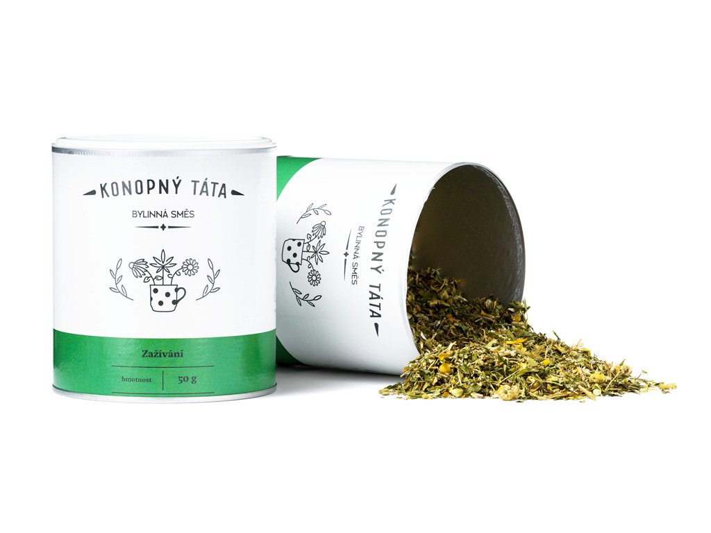 Konopný čaj Zažívání značky Konopný Táta je pečlivě namíchaná bylinná směs s 70 % obsahem konopí, doplněná o mátu, fenykl, heřmánek, měsíček, zeměžluč a další tradičně používané byliny.
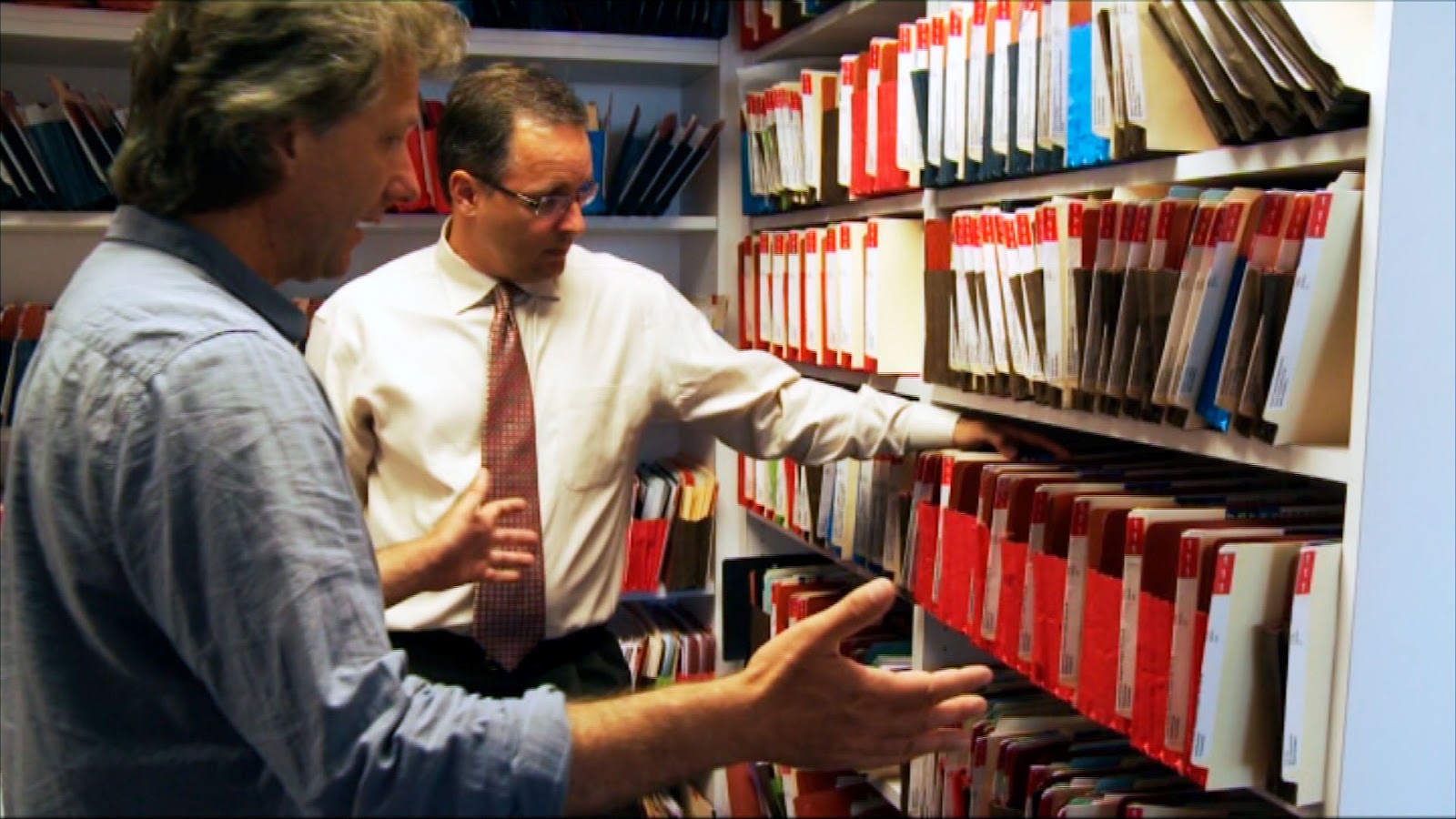 Fredrik Gerttens amerikanske advokat visar hyllan med alla dokument som rör bananfallet |
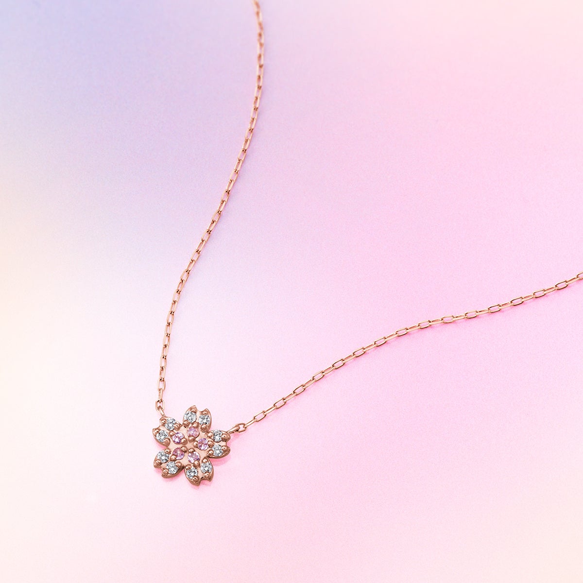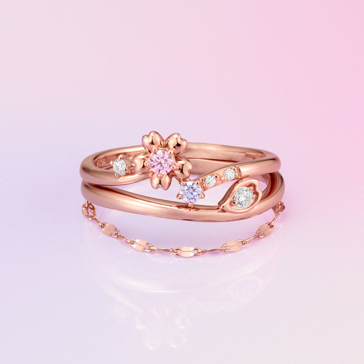 そよ風に舞う桜の花びらを描いた軽やかさが魅力のシリーズ。ふたつのモチーフが出会うような2wayネックレス、小ぶりながらも立体感があり、横顔を美しく引き立てるピアス、流れるラインが優しさを描くリングなど、小さな仕草から気品が宿るデザインが揃いました。ブルーやピンクのグラデーションストーンが、咲きはじめた桜のように、そっと彩りを添えます。
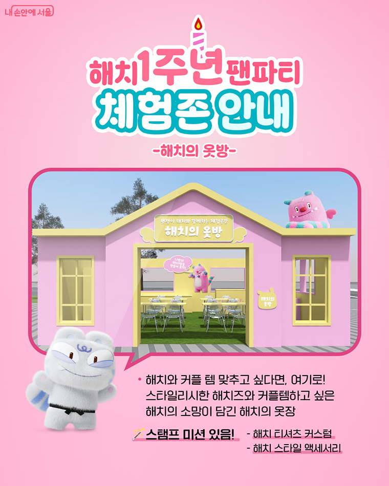 서울광장에서 해치의 집을 직접 체험해보세요! 1주년을 기념하는 특별한 시간, 해치와 함께 즐거운 하루 보내세요.
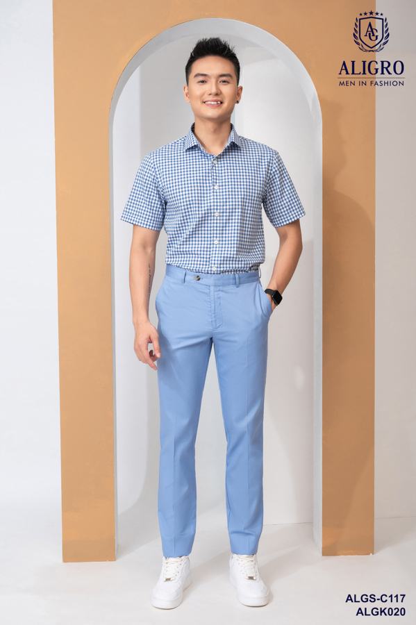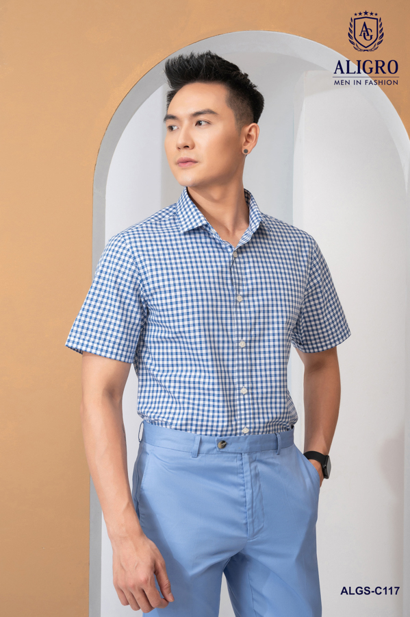 Áo sơ mi nam ngắn tay cao cấp Aligro ALGS-C117 chất liệu vải bamboo form SLIMFIT kẻ caro xanh navy
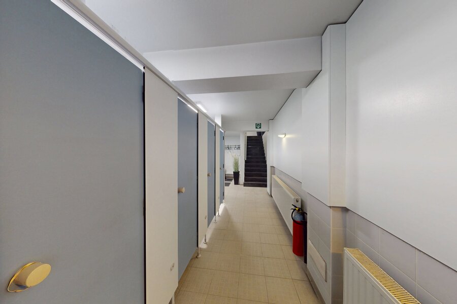 Espace vestiaire comprenant des cabines individuelles, un espace douche et un WC pour personne à mobilité réduite
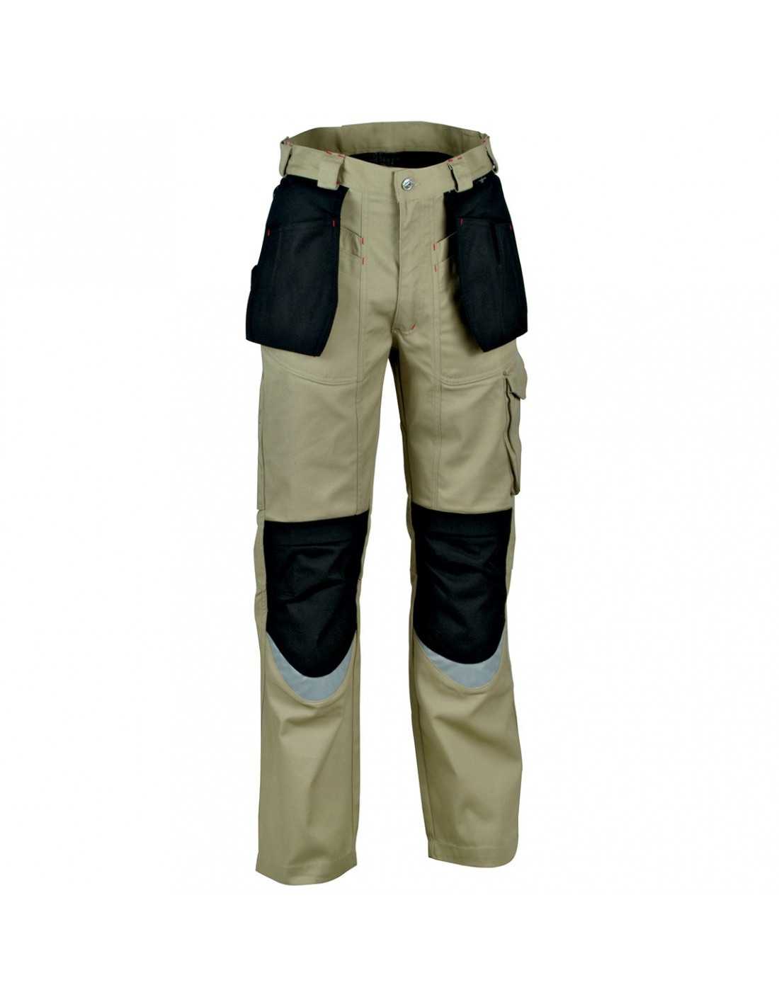 Pantaloni da lavoro Cofra Carpenter V064-0-00, nero-beige , un pantalone sagomato, multi-tasca, per tutte le stagioni e resistente all'usura.
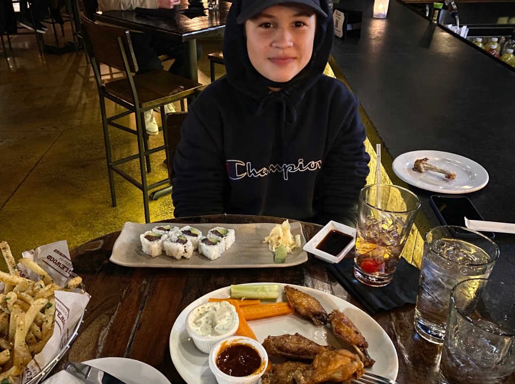 Finn has been asking for a tuna avocado maki roll and truffle fries from Minglewood Harborside for weeks now. We’ve ordered take out twice recently, but he wasn’t home either time. So, last night while Thatch was on the ice for practice, Finn and I ran over for a quick dinner. With an added order of wings along with his fries and sushi….and the Bruins game on one TV with the Milwaukee Bucks (he’s got a thing for #34 Giannis Antetokounmpo) on another, Finn was a happy camper. I had my go-to favorite, the Gloucester Roll, and it was phenomenal as always!
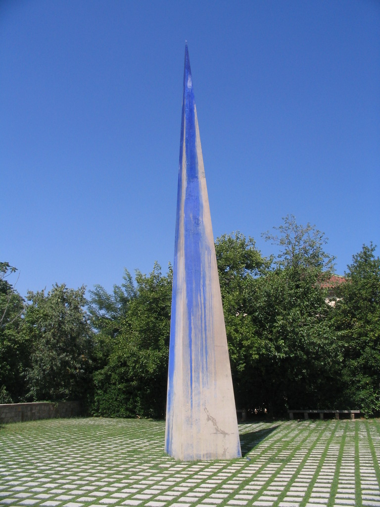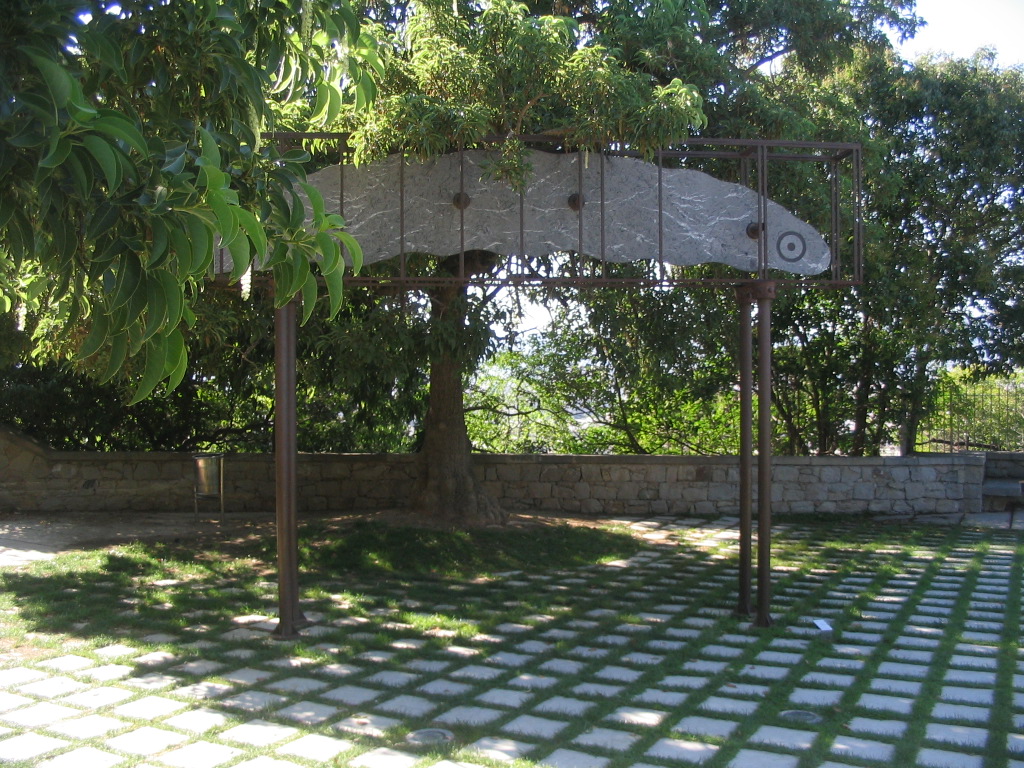 To the northwest, above the stairs and terraces from the first photo, is a courtyard open to the superb mountainward view. This is Lune, soleil et une étoile (1968), its own spireness complimenting the mountain towers.
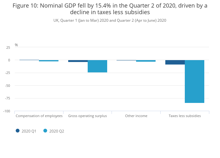 Nominal gross domestic product (GDP) fell by a record 15.4% in Quarter 2 (Apr to June) 2020, following a fall of 1.2% in the previous quarter (Figure 10). Taxes less subsidies fell by 83.7% in Quarter 2 2020, reflecting a decline in tax revenue and an increase in subsidies. The increase in subsidies primarily relates to the Coronavirus Job Retention Scheme (CJRS) and Self Employment Income Support Scheme (SEISS) and incorporate estimates from the updated OBR coronavirus reference scenario (XLS, 3.41MB) published on 14 July 2020. There was also an increase in transport subsidies granted to rail and bus services in the second quarter. Transactions are recorded on an accrual basis within the national accounts, so for reporting purposes the transaction is registered at the point when it was adjudged to take place. There was also a fall in revenue from Value Added Tax (VAT) as well as from fuel, tobacco, stamp, and air passenger duties.
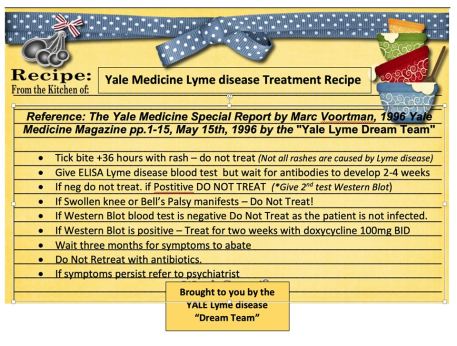 Insurance companies and Medical boards can use any “recommendation of short-term antibiotics” as an excuse to sanction Doctor’s not treating to those specific guidelines. This would literally destroy effective treatment for the scores of lyme patients in this state and the 30,000 newly infected here annually.
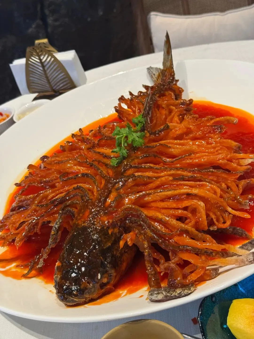 🥢 舌尖石家庄:一口入魂的冀味烟火1. 驴肉火烧|石家庄人的灵魂早餐酥脆火烧夹卤香驴肉,配羊汤/小米粥,一口封神。✅ 推荐:高建民驴肉火烧、赵县薛家烧饼。2. 金毛狮子鱼|冀菜天花板河北十大经典名菜,鲤鱼剪200余条炸至金黄,形似狮子,外酥里嫩。✅ 推荐:正太饭店、燕风楼。3. 正定八大碗|非遗宴席四荤四素蒸菜,扣肉、酥肉软烂入味,宋记八大碗最正宗。4. 地道小吃合集• 牛肉罩火烧:浓汤泡饼,暖心暖胃,白家老店必吃。• 金凤扒鸡:百年老字号,20余种香料焖煮,脱骨入味。• 无极饸饹:荞麦面+羊肉臊子,劲道爽滑。• 缸炉烧饼:外酥里嫩,芝麻飘香,配崩肝绝配。5. 夜市狂欢• 湾里庙/火车头步行街:霓虹闪烁,小吃扎堆,逛到凌晨。• 正定旺泉古街:非遗小吃聚集地,烧麦、崩肝、热切丸子一次吃遍。石家庄,从不是一座单调的城市。它有正定的千年古韵,有西柏坡的红色记忆,有太行的壮阔山水,更有驴肉火烧、八大碗的温暖烟火。这座火车拉来的城,藏着太多惊喜,值得你慢下来,好好逛一逛。
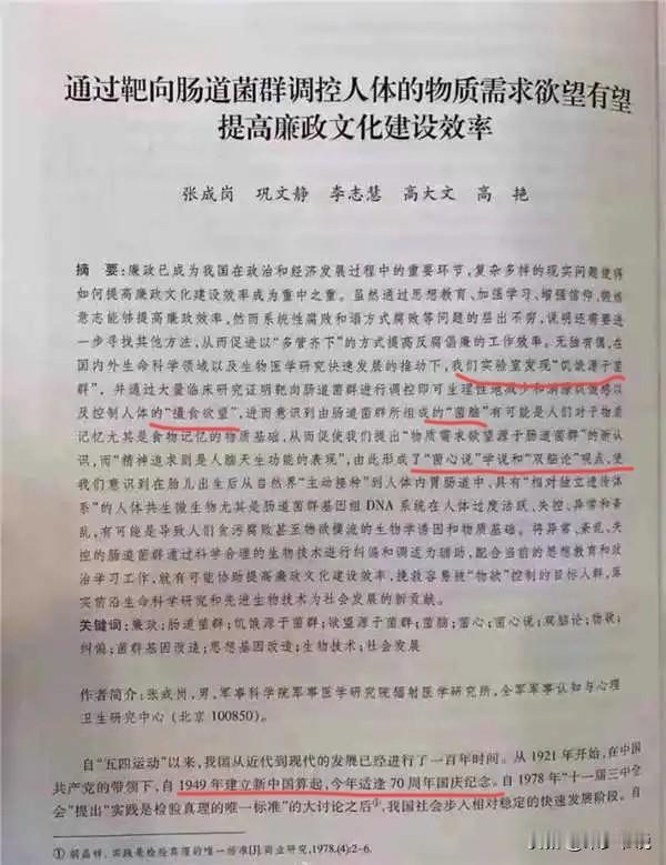 新发现,调整肠道菌群提升廉政建设 刚看到这篇文章的时候我以为是1970年之前的文章。毕竟那时候全国都艰苦,有很多人就为了填饱肚子开始贪污,但是文章中写到“今年适逢70周年国庆”也就是说这篇文章写于2019年。并非艰苦的年代。 其实这篇文章通读下来并没有什么特别的地方,就是这个标题有点问题而已。
= = = =
#### [The problem]
Within the listing above, the lines from the one with "Fredrik Gerttens amerikanske" through the one with "To the northwest, above" are to be given again word for word. Do not include pictures.

#### [Exercise output]
 Fredrik Gerttens amerikanske advokat visar hyllan med alla dokument som rör bananfallet |
 そよ風に舞う桜の花びらを描いた軽やかさが魅力のシリーズ。ふたつのモチーフが出会うような2wayネックレス、小ぶりながらも立体感があり、横顔を美しく引き立てるピアス、流れるラインが優しさを描くリングなど、小さな仕草から気品が宿るデザインが揃いました。ブルーやピンクのグラデーションストーンが、咲きはじめた桜のように、そっと彩りを添えます。
 서울광장에서 해치의 집을 직접 체험해보세요! 1주년을 기념하는 특별한 시간, 해치와 함께 즐거운 하루 보내세요.
 Áo sơ mi nam ngắn tay cao cấp Aligro ALGS-C117 chất liệu vải bamboo form SLIMFIT kẻ caro xanh navy
 Espace vestiaire comprenant des cabines individuelles, un espace douche et un WC pour personne à mobilité réduite
 Pantaloni da lavoro Cofra Carpenter V064-0-00, nero-beige , un pantalone sagomato, multi-tasca, per tutte le stagioni e resistente all'usura.
 Finn has been asking for a tuna avocado maki roll and truffle fries from Minglewood Harborside for weeks now. We’ve ordered take out twice recently, but he wasn’t home either time. So, last night while Thatch was on the ice for practice, Finn and I ran over for a quick dinner. With an added order of wings along with his fries and sushi….and the Bruins game on one TV with the Milwaukee Bucks (he’s got a thing for #34 Giannis Antetokounmpo) on another, Finn was a happy camper. I had my go-to favorite, the Gloucester Roll, and it was phenomenal as always!
 To the northwest, above the stairs and terraces from the first photo, is a courtyard open to the superb mountainward view. This is Lune, soleil et une étoile (1968), its own spireness complimenting the mountain towers.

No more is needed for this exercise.